‘The EU Could Die’ – Macron Allies Fear Consequences of Globalist Collapse, Populist Rise in 2019


The French establishment fear “Europe could die” following the EU Parliament elections next year, with President Emmanuel Macron’s En Marche! polling poorly and conservative-leaning populists looking set to make huge gains.

According to an Ifop-Fiducial survey for Paris Match, Sud Radio, and CNews, the French leader’s party is polling at 20 percent, down three percent compared to June 2017.

Meanwhile, Marine Le Pen’s National Rally is nipping at his heels on 17 percent — although its polling numbers are somewhat down since the last round of EU Parliament elections in 2014, where her party — then the Front National — came in first place.

“The ballot will be difficult for [Macron],” said an anonymous ministerial source quoted by Paris Match.

“I have a feeling that the European elections will be unlike any other because people are aware that Europe could die.
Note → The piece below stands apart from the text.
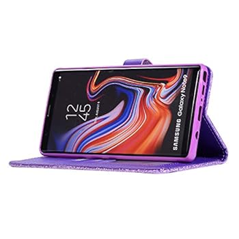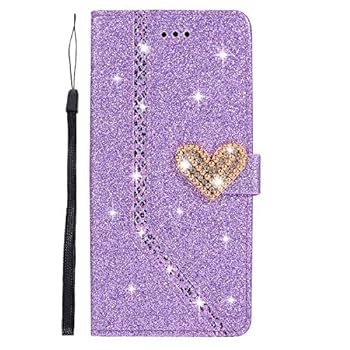 Homikon PU Leder Hülle Schön Bling Glänzend Glitzer Diamant Liebe Schutzhülle Brieftasche Lederhülle Bookstyle Handyhülle Magnetverschluss Tasche Kompatibel mit Samsung Galaxy A7 2018 - Lila Das perfekte Geschenk für kinder.

That thought alone is enough to mobilise voters.”

The poor poll numbers come just as Macron’s personal rating plummets to a dismal 31 percent, below even his Socialist predecessor François Hollande — in whose government Macron served as economy minister — who ultimately did not even attempt to run for a second term in the 2017 elections which saw his party decimated.

This has caused the mainstream media — which hailed the former Rothschild and Cie Banque financier as the new champion of globalism after Angela Merkel received a heavy blow in Germany’s federal elections — considerable dismay.

The Frenchman is not only less popular than U.S. President Donald Trump, who is decidedly not championed by the mainstream media, but appears unable to replicate the American populist’s economic success — leaving him poorly positioned to act as a counter-weight to the rise of European populists in Central Europe, Italy, and elsewhere.

Indeed, while Macron has styled himself as the “chief adversary” of anti-mass migration, pro-sovereignty leaders such as Italy’s Matteo Salvini and Hungary’s Viktor Orbán, he can count on nothing like their level of domestic support — and both seem more than willing to publicly pour scorn on the French leader.